9. The Filer will partially settle the Forward Agreement prior to the Forward Date in order to fund redemptions of Class A Shares and Class F Shares (collectively, Shares) and for the payment of expenses of the Filer. Prior to the Forward Date, the Filer also may increase its exposure under the Forward Agreement from time to time when proceeds from the exercise of Class A Warrants or Class F Warrants (collectively, Warrants) are used by the Filer to purchase additional securities for the Common Share Portfolio.
10. The Counterparty has, and will have at all times, an approved credit rating under National Instrument 81-102 Mutual Funds. In the event that the Counterparty ceases to have an approved credit rating, the terms of the Forward Agreement will permit the Filer to terminate the Forward Agreement.
11. Shares will be redeemable on the last day of each month (each a Monthly Redemption Date). A holder of Shares of the Filer (a Shareholder) who properly surrenders a Share for redemption at least 20 business days prior to a Monthly Redemption Date will receive on or before the 15th business day following such Monthly Redemption Date payment of the Monthly Redemption Price per Class A Share or Monthly Redemption Price per Class F Share (as applicable and defined below) for such Share calculated by reference to the price at which Class A Shares are trading on the TSX (subject to the Filer's right to suspend redemptions in certain circumstances).
12. The Monthly Redemption Price per Class A Share is the amount, if any, equal to the lesser of:
(a) 94% of the weighted average trading price of the Class A Shares on the TSX during the 15 trading days preceding the applicable Monthly Redemption Date, and
(b) the closing market price of the Class A Shares on the principal market on which the Class A Shares are quoted for trading on the applicable Monthly Redemption Date,
less any costs associated with the redemption including, without limitation, if the Manager determines that it is not practicable or necessary for the Filer to partially settle the Forward Agreement to fund such redemption, the aggregate of all brokerage fees, commissions and other transaction costs that the Manager estimates would have resulted from such a partial settlement (Redemption Costs).
13. The Monthly Redemption Price per Class F Share is the amount, if any, equal to the product of the Monthly Redemption Price per Class A Share and a fraction (i) the numerator of which is the most recently calculated net asset value per Class F Share and (ii) the denominator of which is the most recently calculated net asset value per Class A Share.
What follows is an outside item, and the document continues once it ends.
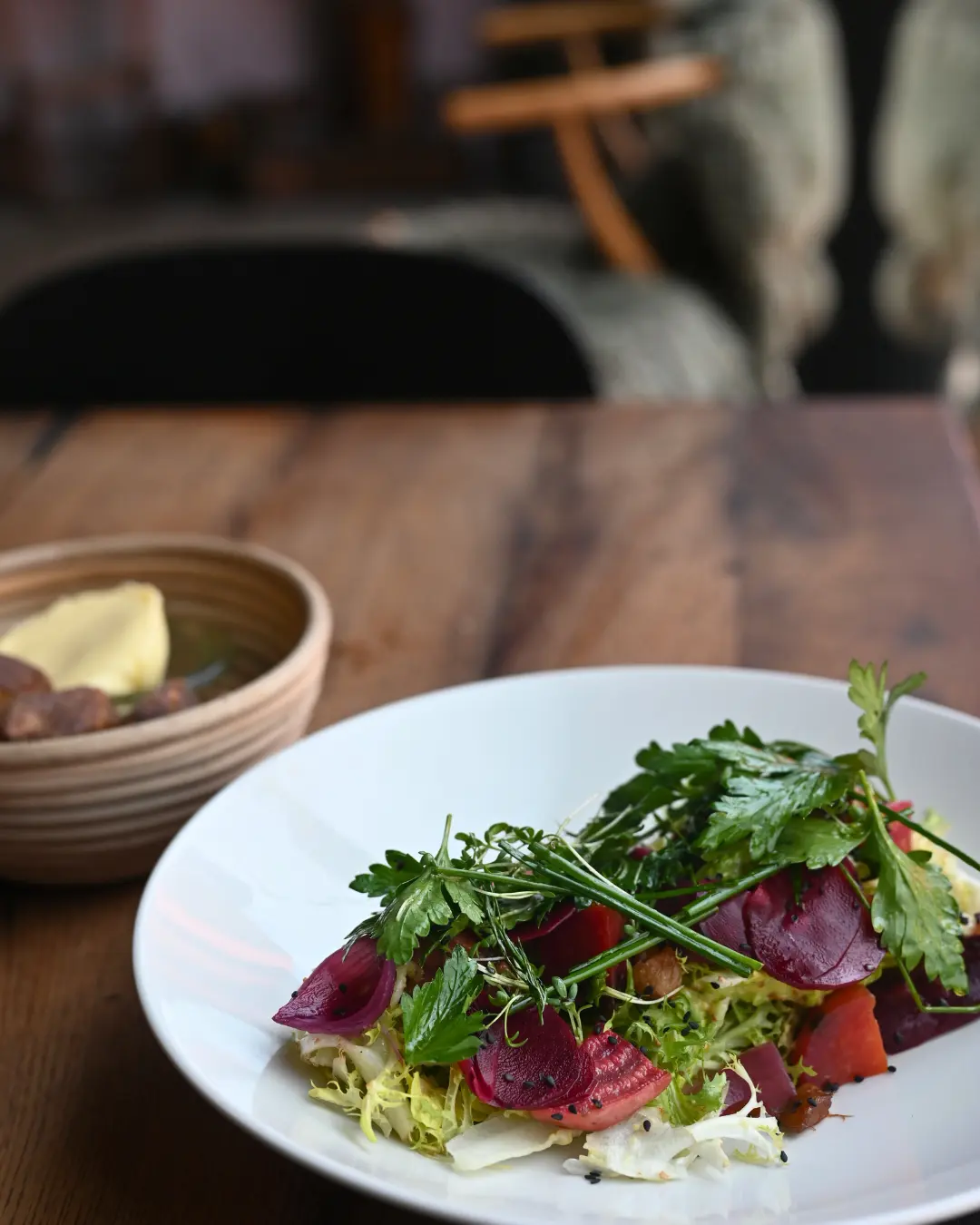 Marineret julesalat, brunet selleripure med hvidløg, syltet selleri og krabbebisque

14. Commencing in 2009, Shares also may be surrendered for redemption on December 31 in each year (a December Redemption Date). A Shareholder who properly surrenders a Share for redemption at least 20 business days prior to a December Redemption Date will receive on or before the 15th business day following such December Redemption Date payment of the Redemption Price per Class A Share or Redemption Price per Class F Share (as applicable and defined below) for such Share calculated by reference to the net asset value of the Share (subject to the Filer's right to suspend redemptions in certain circumstances).
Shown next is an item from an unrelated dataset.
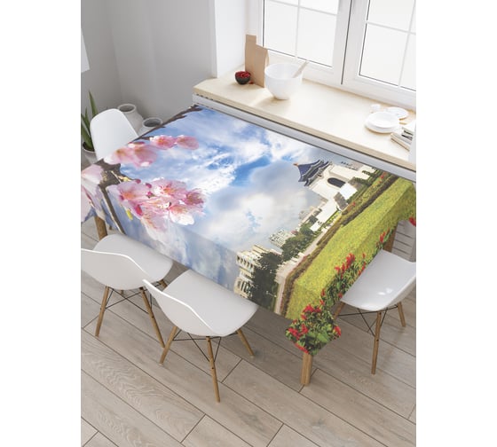 Прямоугольная скатерть JoyArty Городской храм из сатена tc_3385_120x145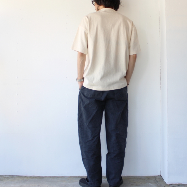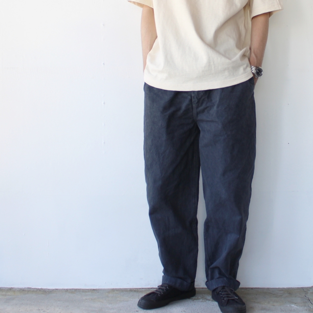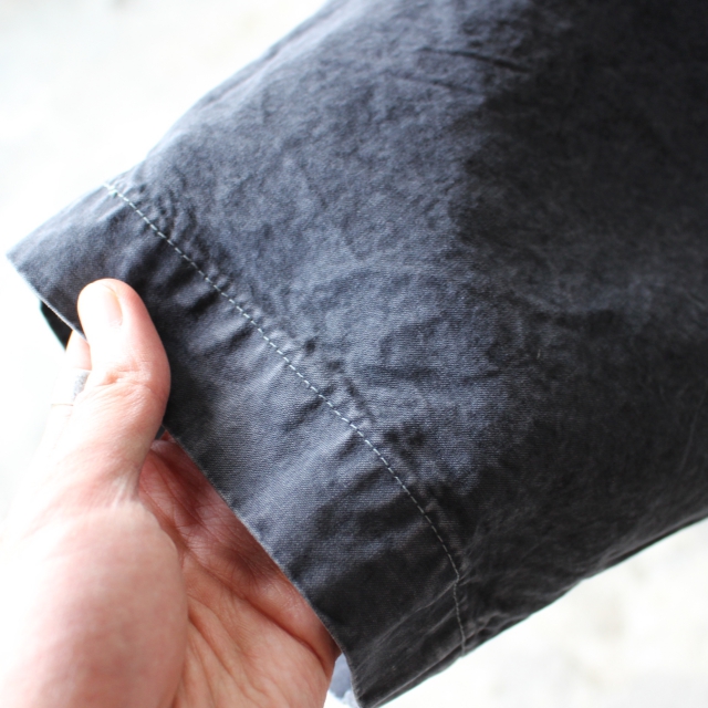 ムラのある製品染めに洗いを加え、若干色落ちして着古したような風合いに仕上げています。

15. The Redemption Price per Class A Share is the amount which is equal to:
(a) the net asset value per Class A Share as at the December Redemption Date, less
(b) any applicable Redemption Costs,
provided that, at the sole option of the Manager for the purposes of calculating the Redemption Price per Class A Share, the Manager may value any security in the Common Share Portfolio and, for purposes of valuing the Forward Agreement, any security to which the Filer has direct or indirect exposure by reason of the Forward Agreement, in either case which is listed or traded on a stock exchange (or if more than one, on the stock exchange where the security primarily trades, as determined by the Manager) by taking the volume weighted average trading price of the security on such exchange during the three most recent trading days of such exchange ending on and including such December Redemption Date or, lacking any sales during such period or any record thereof, the simple average of the latest available offer price and the latest available bid price (unless in the opinion of the Manager such value does not reflect the value thereof and in which case the fair market value as determined by the Manager shall be used), all as reported by any means in common use. For the purposes of calculating the Redemption Price per Class A Share, the diluted net asset value per Class A Share will be used (calculated in the manner described below) if the diluted net asset value per Class A Share is calculated on such December Redemption Date.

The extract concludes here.